PostgreSQL数据库没有UTF-16字符集,但是它支持UTF-8,UTF-8是变长字符集,支持全球所有的语言字符编码。
PostgreSQL提供了几个转换函数如下
postgres=# \df convert*
List of functions
Schema | Name | Result data type | Argument data types | Type
------------+--------------+------------------+---------------------+--------
pg_catalog | convert | bytea | bytea, name, name | normal
pg_catalog | convert_from | text | bytea, name | normal
pg_catalog | convert_to | bytea | text, name | normal
(3 rows)
例子,支持来回转换
postgres=# select convert_to('abc你好中国cde','UTF8');
convert_to
----------------------------------------
\x616263e4bda0e5a5bde4b8ade59bbd636465
(1 row)
postgres=# select convert_from(convert_to('abc你好中国cde','UTF8'),'UTF8');
convert_from
----------------
abc你好中国cde
(1 row)
postgres=# select convert_from('\x616263e4bda0e5a5bde4b8ade59bbd636465', 'UTF8');
convert_from
----------------
abc你好中国cde
(1 row)
方法2,使用textsend函数,这个函数没有编码输入,所以需要设置client_encoding。
postgres=# set client_encoding='UTF8';
SET
postgres=# select textsend('abc你好中国cde');
textsend
----------------------------------------
\x616263e4bda0e5a5bde4b8ade59bbd636465
(1 row)
postgres=# set client_encoding='GBK';
SET
postgres=# select textsend('abc你好中国cde');
ERROR: character with byte sequence 0xad 0xe5 in encoding "GBK" has no equivalent in encoding "UTF8"

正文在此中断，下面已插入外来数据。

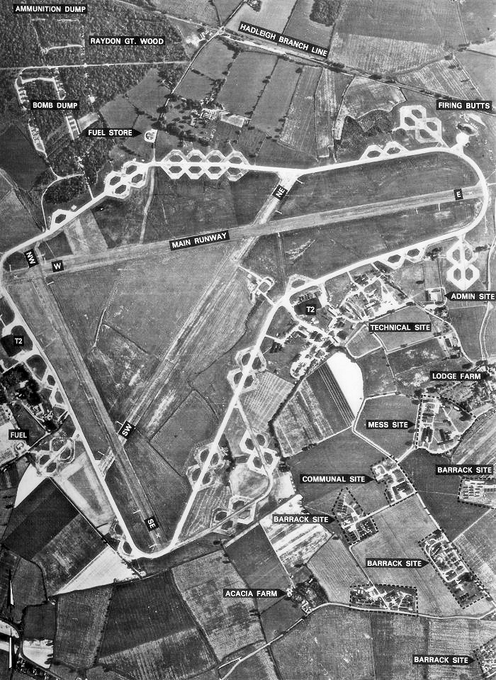 Aerial mapping photograph of RAF Raydon, England.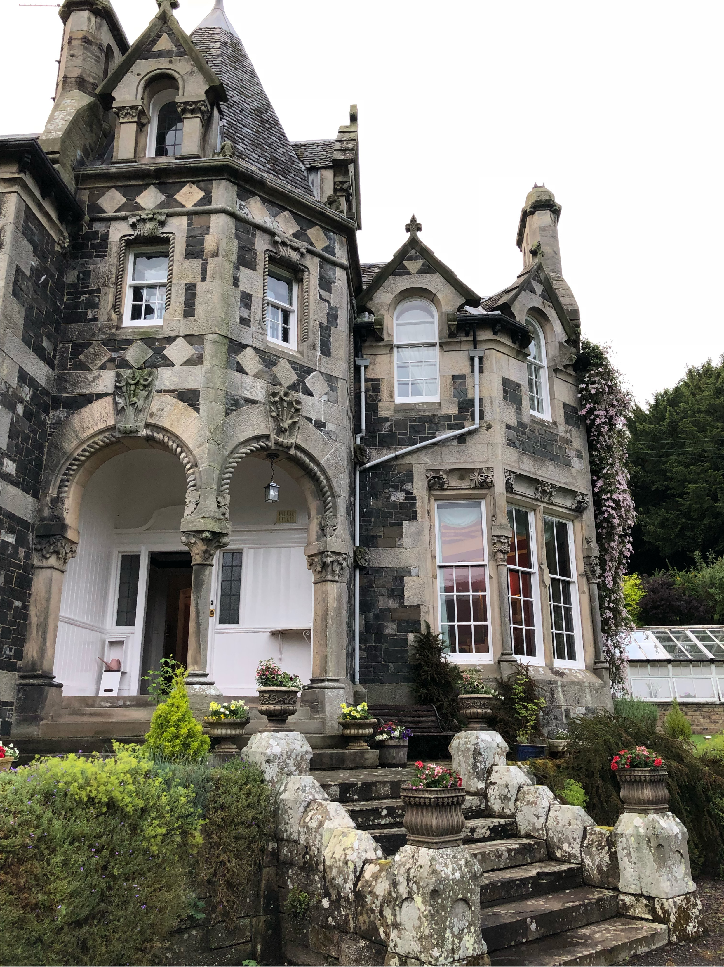 The Kirna, a.k.a. Kirna House, Walkerburn. Designed by F T Pilkington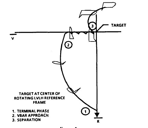 The Shuttle flies to the v-bar axis several hundred feet in front of the target. There the upward velocity is nulled to zero, and the vehicle begins "closing" toward the target by decreasing its velocity relative to the target's velocity so that the two w i l l eventually rendezvous.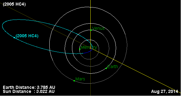 Orbit of 2005 HC4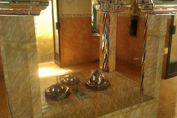 Kamber Darbar Samadhi

LOCATION: report_untranslatable_char, wchar.c:2051
postgres=# select textsend('abc你好cde');
textsend
----------------------------
\x616263e4bda0e5a5bd636465
(1 row)
PostgreSQL支持的字符编码转换函数在这里
postgres=# select * from pg_conversion ;
conname | connamespace | conowner | conforencoding | contoencoding | conproc | condefault
--------------------------------+--------------+----------+----------------+---------------+--------------------------------+------------
ascii_to_mic | 11 | 10 | 0 | 7 | ascii_to_mic | t
mic_to_ascii | 11 | 10 | 7 | 0 | mic_to_ascii | t
......
utf8_to_shift_jis_2004 | 11 | 10 | 6 | 41 | utf8_to_shift_jis_2004 | t
euc_jis_2004_to_shift_jis_2004 | 11 | 10 | 5 | 41 | euc_jis_2004_to_shift_jis_2004 | t
shift_jis_2004_to_euc_jis_2004 | 11 | 10 | 41 | 5 | shift_jis_2004_to_euc_jis_2004 | t
(132 rows)
以上例子把整个字符串都进行了转换,包括一些已经是ASCII的字符也被转换了,转换后长度变长了,如果你要尽量缩小长度怎么办呢?
如果你要对一个字符串中非ASCII字符转换为bytea,而ASCII字符保持不变,则需要自定义PostgreSQL函数,如下demo
create or replace function asciistr(str text, encoding text) returns text[] as $$
declare
mid text;
res text[] := (array[])::text[];
begin
foreach mid in array regexp_split_to_array(str, '')
loop
if ascii(mid)<256 then
res := array_append(res, mid);
else
res := array_append(res, (convert_to(mid,encoding))::text);
end if;
end loop;
return res;
end;
$$
language plpgsql strict;
测试
postgres=# select asciistr('abc中国你好ced', 'UTF8');
asciistr
---------------------------------------------------------------
{a,b,c,"\\xe4b8ad","\\xe59bbd","\\xe4bda0","\\xe5a5bd",c,e,d}
(1 row)
你还可以输出字符串,也可以直接输出字符串
postgres=# select array_to_string(asciistr('abc中国你好ced', 'UTF8'), '');
array_to_string
----------------------------------------
abc\xe4b8ad\xe59bbd\xe4bda0\xe5a5bdced
(1 row)
使用这种方法,在反转换时,也要通过函数来处理。
create or replace function reverse_asciistr(str text[], encoding text) returns text as $$
declare
mid text;
res text := '';
begin
foreach mid in array str
loop
if mid ~ '^\\x' then
res := concat(res, convert_from(mid::bytea, encoding));
else
res := concat(res, mid);
end if;
end loop;
return res;
end;
$$
language plpgsql strict;
反转转换举例
postgres=# select reverse_asciistr(asciistr('abc_12\ab你好\ade中国_1jjr3', 'UTF8'), 'UTF8');
reverse_asciistr
-----------------------------
abc_12\ab你好\ade中国_1jjr3
(1 row)